◆ WHAT YOU SHOULD DO ◆
Leaving out the pictures, retype the lines from the beginning of the listing through the line containing "工人在研究性修缮考古发掘过程".

#####

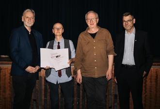Verleihung Kinoprogrammpreis an das Corso Kino: v.l.n.r.: Kulturstaatssekretär Jürgen Hardeck, Friederike Mühlhäusler, Thomas Schneckenburger, Beigeordneter Thomas Schroeder
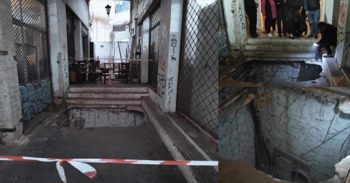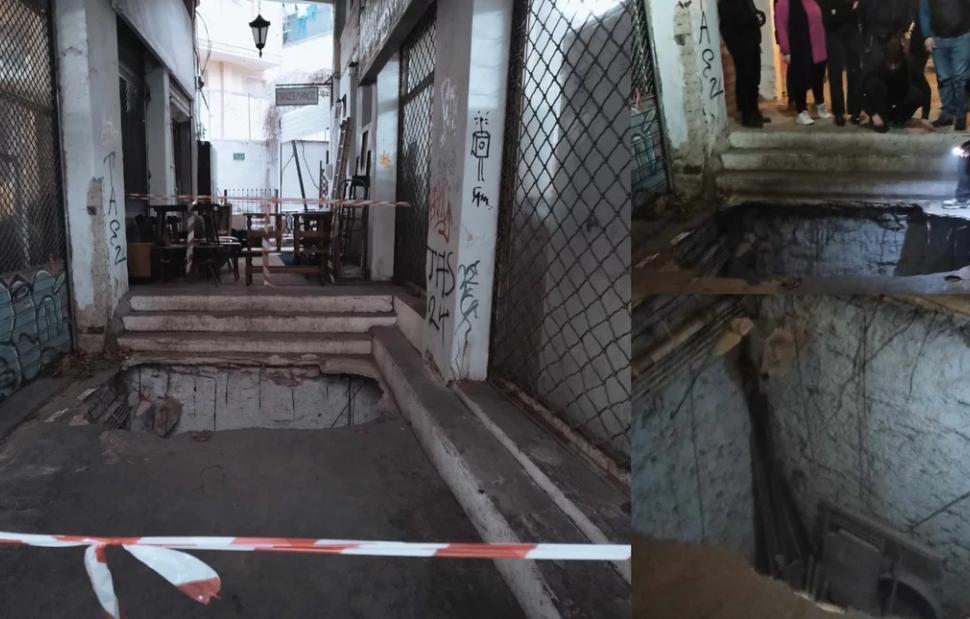 Μία τρύπα περίπου τριών μέτρων άνοιξε στο οδόστρωμα, στη στοά του Μπιτ Παζάρ στη Θεσσαλονίκη, λίγο πριν από τη 1 τα ξημερώματα, με αποτέλεσμα να «καταπιεί» έναν 19χρονο και μία συνομήλική του.
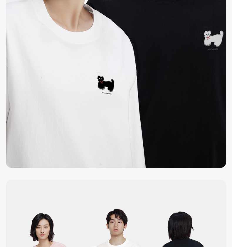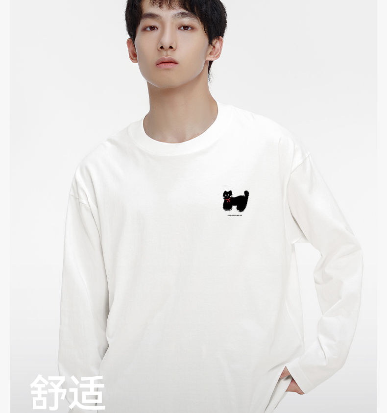 「棉的美学」可爱小猫印花长袖T恤~2024秋季新款宽松显瘦打底衫女
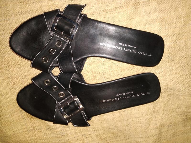 Женские черные кожаные шлепанцы
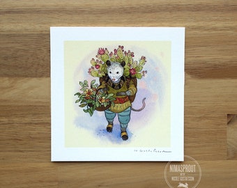 Opossum Flower Guardian - Mini Fine Art Print
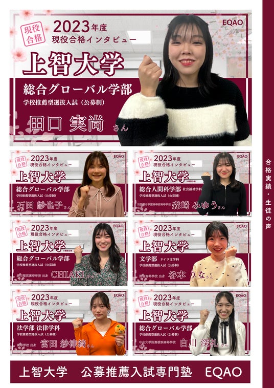 ・上智大学公募推薦専門塾EQAOは上智大学生インフルエンサーの「上京大生いとをかし」さんが上智専門コースのアンバサダーに就任しています。
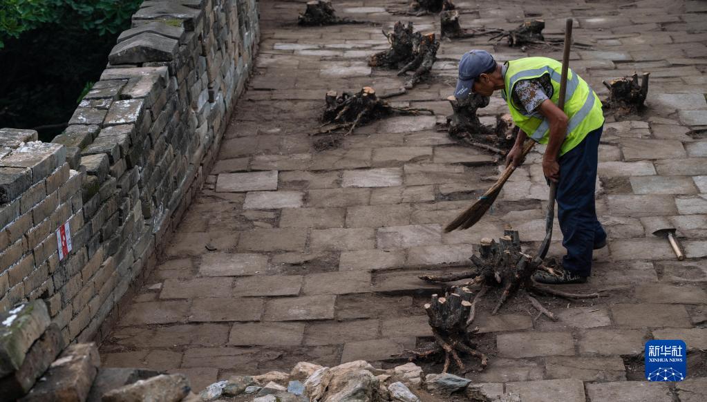 工人在研究性修缮考古发掘过程中保留了树根,以对长城植物病害作进一步研究(8月17日摄)。
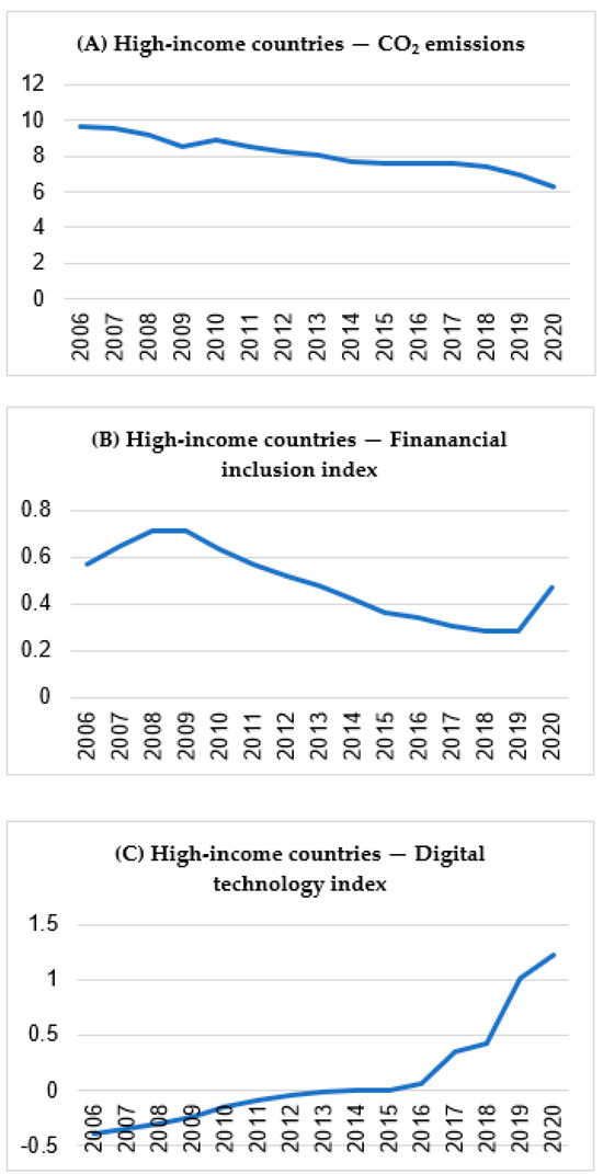 Furthermore, according to Dong et al. [53], the level of CO2 emission and its drivers vary significantly between countries with different income levels. Despite the identification of CO2 emissions’ drivers at various levels, such as national, regional, and global, the differences between countries with different income levels seem to have received inadequate attention. We found one study by Dong et al. [53] which reports that while countries with low and middle incomes have been contributing to global CO2 emissions recently, primarily high-income or industrialized countries bear the main historical responsibility for the current concentration of CO2 in the atmosphere. Therefore, high-income countries have the highest obligation to reduce their CO2 emissions. At the same time, high- and middle-income countries also need to make efforts to limit the growth of their emissions in the future. Our study aims to examine the differences in the nexus between financial inclusion, digital technology, and CO2 emissions between the high-income and low- and middle-income country groups.
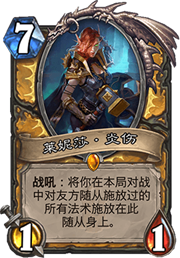 莱妮莎·炎伤:在这套牌中,炎伤的首要任务是过牌,其次是作为一道大墙站场。我满编了剑龙骑术,但大多数情况下我使用了一张剑龙骑术后便拍出炎伤。
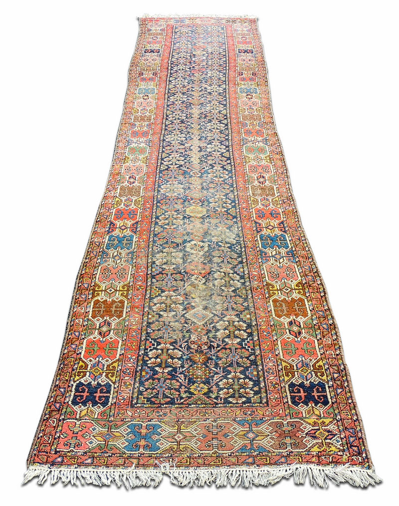 GALLERIA PERSIANA - LONG PERSIAN RUG fondo blu campo a motivi floreali e geometrici nei toni del rosso cm 500x100
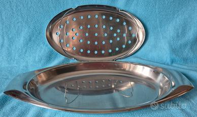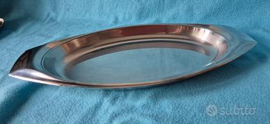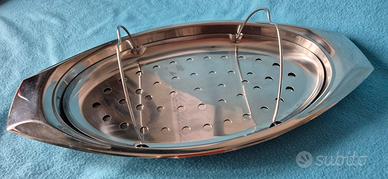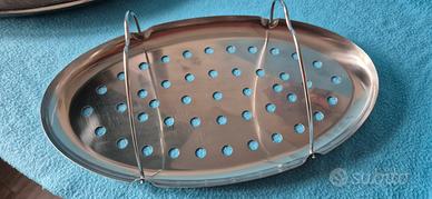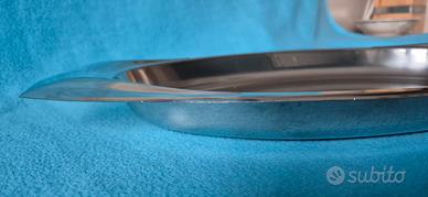 Vendo per 30 euro piatto di portata AMC ovale in acciaio con cestello. Dimensioni vassoio: cm 44 x 23, altezza cm 3,5. Dimensioni cestello cm 33 x 19,5.

#####

◆ EXERCISE OUTPUT ◆
Verleihung Kinoprogrammpreis an das Corso Kino: v.l.n.r.: Kulturstaatssekretär Jürgen Hardeck, Friederike Mühlhäusler, Thomas Schneckenburger, Beigeordneter Thomas Schroeder
 Μία τρύπα περίπου τριών μέτρων άνοιξε στο οδόστρωμα, στη στοά του Μπιτ Παζάρ στη Θεσσαλονίκη, λίγο πριν από τη 1 τα ξημερώματα, με αποτέλεσμα να «καταπιεί» έναν 19χρονο και μία συνομήλική του.
 「棉的美学」可爱小猫印花长袖T恤~2024秋季新款宽松显瘦打底衫女
 Женские черные кожаные шлепанцы
 Opossum Flower Guardian - Mini Fine Art Print
 ・上智大学公募推薦専門塾EQAOは上智大学生インフルエンサーの「上京大生いとをかし」さんが上智専門コースのアンバサダーに就任しています。
 工人在研究性修缮考古发掘过程中保留了树根,以对长城植物病害作进一步研究(8月17日摄)。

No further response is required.